US sets new daily coronavirus record
The US has reported about 60,000 new coronavirus cases, a single-day record, with infections continuing to rise rapidly in states such as Florida and Texas.
The US has reported about 60,000 new coronavirus cases, a single-day record, with infections continuing to rise rapidly in states such as Florida and Texas, while others expanded quarantine requirements on inbound travel and New York City stepped up testing.
The total number of cases in the US neared three million on Wednesday, according to data compiled by Johns Hopkins University.
Daily case numbers fell below 50,000 for several days before Tuesday, but public-health experts cautioned that fewer tests take place on weekends and that infections that are detected might not be reported until the following week.
The US death toll stands at more than 131,000, according to Johns Hopkins.
As US cases continued to rise, the Trump administration followed through on threats to withdraw from the World Health Organisation. The administration and some public-health experts have questioned whether the group’s response to the virus was too deferential to China.
WHO Director-General Tedros Adhanom Ghebreyesus has denied the organisation bowed to pressure from Beijing.
The exit won’t take effect until next July, leaving it contingent on President Donald Trump’s re-election. His rival for the White House, presumptive Democratic presidential nominee Joe Biden, said the US would remain a member if he won.
Florida reported 7361 cases on Tuesday. The seven-day average for cases there is higher than the 14-day average, an indication that the spread is intensifying, according to a Wall Street Journal analysis of data from Johns Hopkins.
Texas, another coronavirus hot spot, reported its highest one-day increase in infections, with more than 10,000 new cases recorded. It is one of three states to have reported 10,000 cases in a single day, along with Florida and New York.
Connecticut, New York and New Jersey added three states on Tuesday — Delaware, Kansas and Oklahoma — to their advisory lists requiring inbound travellers to follow a 14-day quarantine period. Their lists now include 19 states where the seven-day rolling average of positive coronavirus tests exceeds 10 per 100,000 residents. New York City is pushing to increase testing as its reopening plans move forward.
Mayor Bill de Blasio said the city would aim to test 150,000 residents on Wednesday. Addressing the need for residents to return to work, Mr de Blasio said the city would vote on a plan in which 3000 city-regulated childcare centres would open as early as next week.
The US Department of Health and Human Services said it would open free COVID-19 testing in Baton Rouge, Lousiana, Edinburg, Texas, and Jacksonville, Florida — which will host the Republican National Convention next month — in response to “a recent and intense level of new cases and hospitalisations.”
Other countries also faced challenges in trying to contain the virus.

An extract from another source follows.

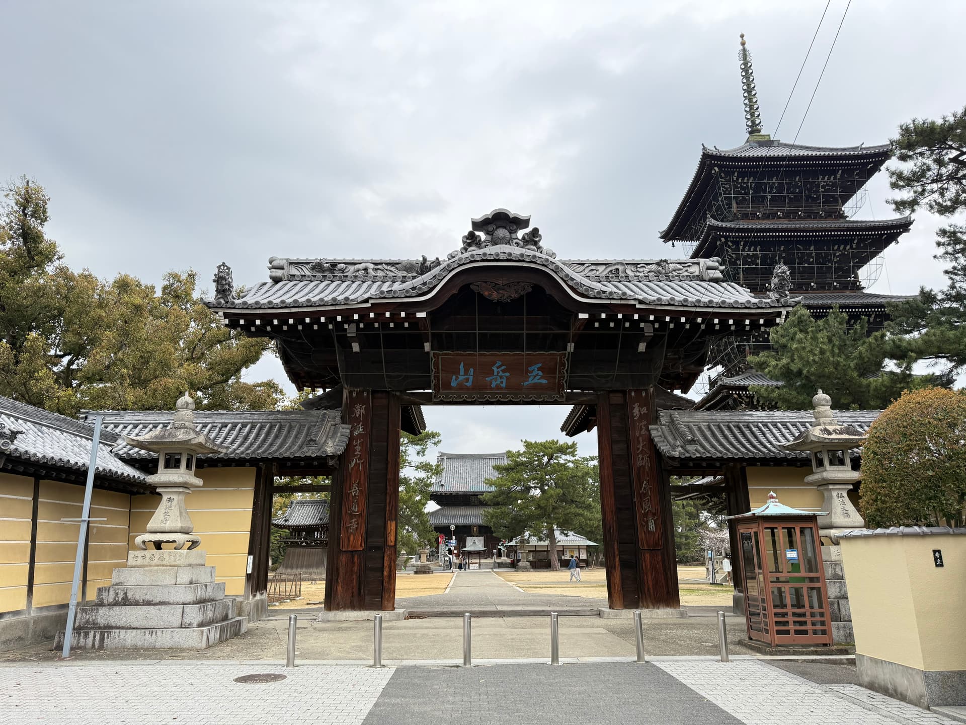 善通寺是日本真言宗善通寺派的本寺。宗祖是去过唐朝取经的空海大师,供奉的本尊则是药师如来。正门和高塔都很气派。卖的御守全部都是健康相关。

The total number of confirmed cases in Russia passed 700,000 Wednesday, authorities said, with fatalities standing at more than 10,600.
India reported 22,752 new cases, taking its total to 742,417, according to the Ministry of Health and Family Welfare. The country’s death toll rose by 482, to 20,642.

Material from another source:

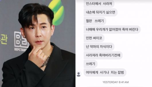 해당 메시지에는 "하루살이 벌레" "넌 소시오패스야" "지옥이나 가라 악마야" "내 손에 뒤지기 싫으면 사라져" "사라져라, 죽여버리기 전에" 등 원색적인 비난과 살해 협박성 글들이 적혔다.
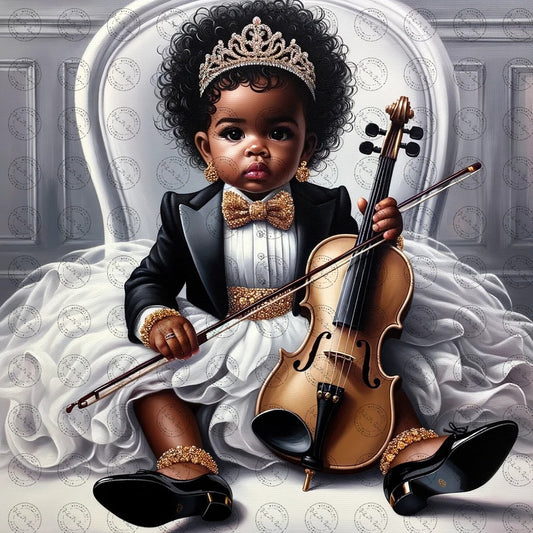 Black Girl Art - Kids Digital Art - Velvet's View - Harmony in Innocence: Baby Musician 768

In New Zealand, a man who left the hotel where he was under quarantine has tested positive for the coronavirus. The 32-year-old went to a supermarket while he was away from the hotel, said Air Commodore Darryn Webb, head of managed isolation and quarantine. He has been moved to a more secure facility, Mr Webb said. The man could face up to six months in prison if charged under a law governing the public-health response to the pandemic.
In Beijing, municipal health authorities reported zero COVID-19 cases, marking the second day of no new locally transmitted infections since a wave emerged from the Xinfadi wholesale food market on June 11. The deputy director of the Beijing Centre for Diseases Prevention and Control urged people to stay cautious and said the possibility of new cases in the coming week couldn’t be ruled out.
In Brazil, President Jair Bolsonaro tested positive for the virus. He is one of the most prominent world leaders to play down the significance of the pandemic and frequently appeared in public without a mask until ordered last month by a court to wear one.
With 1.6 million infections, Brazil is second only to the US for the most infections and deaths in the world.